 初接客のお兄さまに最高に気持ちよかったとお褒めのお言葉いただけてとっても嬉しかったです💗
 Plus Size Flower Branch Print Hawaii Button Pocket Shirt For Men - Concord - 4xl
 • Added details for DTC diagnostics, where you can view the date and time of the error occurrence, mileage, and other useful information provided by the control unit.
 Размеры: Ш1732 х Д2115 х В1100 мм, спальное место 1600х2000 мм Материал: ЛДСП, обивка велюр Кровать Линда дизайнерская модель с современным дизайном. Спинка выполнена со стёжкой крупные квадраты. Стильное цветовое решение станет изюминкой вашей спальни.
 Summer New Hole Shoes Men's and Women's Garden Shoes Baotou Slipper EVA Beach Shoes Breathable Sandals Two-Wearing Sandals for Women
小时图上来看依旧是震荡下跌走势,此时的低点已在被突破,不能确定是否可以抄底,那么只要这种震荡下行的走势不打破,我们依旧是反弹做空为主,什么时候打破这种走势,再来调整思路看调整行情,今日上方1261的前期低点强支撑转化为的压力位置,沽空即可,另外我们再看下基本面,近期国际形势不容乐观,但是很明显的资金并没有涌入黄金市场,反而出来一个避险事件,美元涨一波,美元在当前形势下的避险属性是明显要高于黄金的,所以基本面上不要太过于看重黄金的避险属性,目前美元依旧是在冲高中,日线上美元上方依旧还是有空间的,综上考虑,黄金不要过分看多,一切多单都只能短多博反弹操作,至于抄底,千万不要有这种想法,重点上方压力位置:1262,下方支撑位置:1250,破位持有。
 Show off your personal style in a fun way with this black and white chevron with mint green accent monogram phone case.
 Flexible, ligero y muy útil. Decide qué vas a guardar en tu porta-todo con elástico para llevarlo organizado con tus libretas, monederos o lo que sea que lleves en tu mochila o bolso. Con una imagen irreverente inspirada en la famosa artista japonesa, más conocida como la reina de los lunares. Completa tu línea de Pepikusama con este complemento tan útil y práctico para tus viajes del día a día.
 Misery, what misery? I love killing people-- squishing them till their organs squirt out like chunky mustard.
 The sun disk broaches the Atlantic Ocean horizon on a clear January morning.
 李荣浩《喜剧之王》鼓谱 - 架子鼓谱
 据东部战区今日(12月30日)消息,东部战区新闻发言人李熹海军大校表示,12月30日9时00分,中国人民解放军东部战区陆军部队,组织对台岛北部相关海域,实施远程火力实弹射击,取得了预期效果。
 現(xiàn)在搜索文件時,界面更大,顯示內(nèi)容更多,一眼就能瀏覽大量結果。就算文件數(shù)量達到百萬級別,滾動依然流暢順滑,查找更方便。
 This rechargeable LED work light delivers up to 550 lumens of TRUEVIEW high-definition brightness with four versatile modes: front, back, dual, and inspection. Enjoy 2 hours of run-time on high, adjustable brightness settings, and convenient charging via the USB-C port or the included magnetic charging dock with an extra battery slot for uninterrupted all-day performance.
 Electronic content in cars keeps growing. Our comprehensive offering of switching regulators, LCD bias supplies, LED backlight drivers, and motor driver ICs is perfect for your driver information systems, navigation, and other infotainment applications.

- Exercise details:
From the listing above, output exactly the run of lines that starts with the line containing "据东部战区今日(12月30日" and ends with the line containing "現(xiàn)在搜索文件時,界面更大,顯".

- Written answer:
 据东部战区今日(12月30日)消息,东部战区新闻发言人李熹海军大校表示,12月30日9时00分,中国人民解放军东部战区陆军部队,组织对台岛北部相关海域,实施远程火力实弹射击,取得了预期效果。
 現(xiàn)在搜索文件時,界面更大,顯示內(nèi)容更多,一眼就能瀏覽大量結果。就算文件數(shù)量達到百萬級別,滾動依然流暢順滑,查找更方便。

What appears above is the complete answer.